It is possible to implement a loyalty program that differentiates customers by their level of loyalty, but many retailers choose not to pursue tiered-loyalty programs. (EN: The reason is given that tiered loyalty programs are seen as too costly or complex, but I suspect that treating some customers better than others is a touchy legal issue: the customer who seldom visits and buys little feels he has the "right" to get the same deals as your best customer and will hector employees, publicly complain, or even pursue a legal remedy if the reason for paying a different price is not simple and clear.)

There's a bit of fussy detail about the different kinds of rewards that can be offered to loyal customers, but it becomes a bit tangled between the various factors:

Generally, retailers implement loyalty programs in phases: the first phase generally involves discounts on merchandise, with or without promotion. The next might involve a reward points system. The next might offer frequency discounts, etc.

Having multiple rewards available to different customers based on different RFM (recency, frequency, monetary) behaviors can create a rewards system that is highly customized to each shopper but become tangled and complex when considered in aggregate. At this point, it becomes difficult to track what rewards are offered to which customers and to assess which of several concurrent rewards is motivating customer behavior - though strong analytics can analyze basket data to determine which of several rewards is likely to have effected a given purchase.

Except for the use of blind rewards, keeping customers informed of the rewards they have earned is essential: if a customer is unaware of a reward, it has no motivational value, and constitutes a loss to the retailer if the customer who was willing to pay full price for an item receives a surprise discount (though, arguably, it increases loyalty over time).

(EN: A case study in this might be JC Penney, who recently simplified their sales and discounts on items, but before then it was commonly remarked that customers would often get substantial savings at the register because of promotions they were unaware of while shopping. I've not seen any formal studies, but I strongly suspect that this confused some customers and delighted others.)

The author mentions that Kmart printed savings on the receipts as a way to inform the customer of how much they had saved by participating in the loyalty program, and while the program "seemed to work for a while" they could not substantiate a positive effect. (EN: The presumption here is that customers pay close attention to their receipts - but I suspect for most customers, this is not a common practice.)

The "majority of retailers" feel that competitor price-matching is a loyalty program, but the author disagrees. This practice is merely mass discounting without targeting, and while it is a counter-measure against competitors who attempt to lure customers with lower prices, it does not constitute a loyalty program because it is not specific to certain customers nor is it measurable over time.

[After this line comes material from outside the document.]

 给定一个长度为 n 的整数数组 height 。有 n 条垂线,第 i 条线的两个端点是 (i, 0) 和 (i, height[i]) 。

In the same way, any mass merchandising action is not a loyalty program. A campaign that offers a $10 discount to anyone who spends $100 is a short-term tactic to get customers to increase the total sale (anyone who has $95 worth of merchandise sees the logic of grabbing an extra item to get the discount), it does not target specific customers over a longer period of time.

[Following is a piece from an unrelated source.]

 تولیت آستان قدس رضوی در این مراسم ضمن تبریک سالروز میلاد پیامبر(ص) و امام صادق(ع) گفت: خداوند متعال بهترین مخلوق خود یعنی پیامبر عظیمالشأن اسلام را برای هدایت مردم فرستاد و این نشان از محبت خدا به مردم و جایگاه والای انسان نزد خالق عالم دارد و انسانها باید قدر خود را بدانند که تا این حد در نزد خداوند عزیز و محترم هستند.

A side-note: a large retailer can engage manufacturers in a loyalty program. Where discounts or bonuses are tied to specific items, a manufacturer may be approached about offering the retailer a discount on the wholesale cost to offer his brand rather than a competitor's item. This can help defray the cost of loyalty rewards.

The ultimate goal of any loyalty program is to increase the profit made from a given customer by capturing greater share-of-wallet. This is measured by RFM scoring: how recently they have shopped, how often they shop, and how much they spend per visit.

(EN: I find recency to be overrated. Volume and frequency contribute directly to the profit, but recency is entirely incidental. Retailers get nervous if a customer hasn't shown up in a while, fearing they might be going to a competitor, but unless there has been a change in frequency or volume, this is a baseless fear. A customer who spends $250 every three months is a better customer than one who spends $75 each month - and there's no cause for panic because he hasn't dropped by in two and a half months.)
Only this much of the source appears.